Calculations employing the Cα mapping for the three structures show that this provides Σ values that are very close to the ones we find with the backbone mapping, thus suggesting that Cα atoms retain about the same amount of information that is encoded in the backbone. This is reasonable given the rather limited conformational variability of the atoms along the peptide chain. However, a comparison of the random case distributions for Nα and Nbkb as the number of retained atoms in Figure 1 reveals that the former generally has a broader spread than the latter because of the lower number of CG sites; consequently, the value of Σ for the Cα atom mapping is closer to the bulk of the distribution of the random case than that of the backbone mapping.
We now discuss the case of optimized mappings, that is, CG representations retaining the maximum amount of information about the AA reference. Each of the 48 minimization runs, which were carried out for each protein in the set and value of N considered, provided an optimal solution—a deep local minimum in the space of CG mappings; the corresponding Σ values are spread over a compact range of values that are systematically lower than, and do not overlap with, those of the random case distributions (Figure 1).

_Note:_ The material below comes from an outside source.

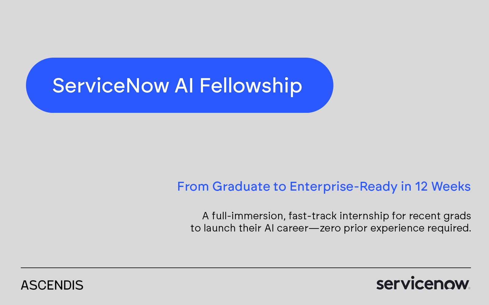 The Fellowship is the latest move in Ascendis’ growing ServiceNow AI practice, led by Elie Alam. The program is aimed at recent graduates who want to break into one of the most in-demand fields in tech—combining AI, automation, human-centered design, and real client delivery experience.

The optimal solutions for AKE and AAT span wide intervals of Σ values; for N = Nα in particular, the support of this set and of the corresponding random reference have comparable sizes. A quantitative measure of this broadness is displayed in the distributions of Z scores for the optimal solutions presented in Table 2. In both proteins, we observe that the Σ values associated with the optimal mappings increase with the degree of coarse-graining, N; this is a consequence of keeping the number of CG configurations of each system (conformational clusters; see section 4.2) constant across different resolutions. As N increases, the available CG conformational clusters are populated by more energetically diverse conformations, thereby incrementing the associated energy fluctuations. On the other hand, TAM shows narrowly peaked distributions of optimal values of Σ whose position does not vary with the number of retained sites. Both effects can be ascribed to the fact that most of the energy fluctuations in TAM—and consequently the mapping entropy—are due to a subset of atoms that are almost always maintained in each optimal mapping (see section 2.4), in contrast to a random choice of the CG representation. At the same time, the associated Z scores are lower than the ones for the bigger proteins for all values of N under examination, as TAM conformations generally feature a lower variability in energy than the other molecules.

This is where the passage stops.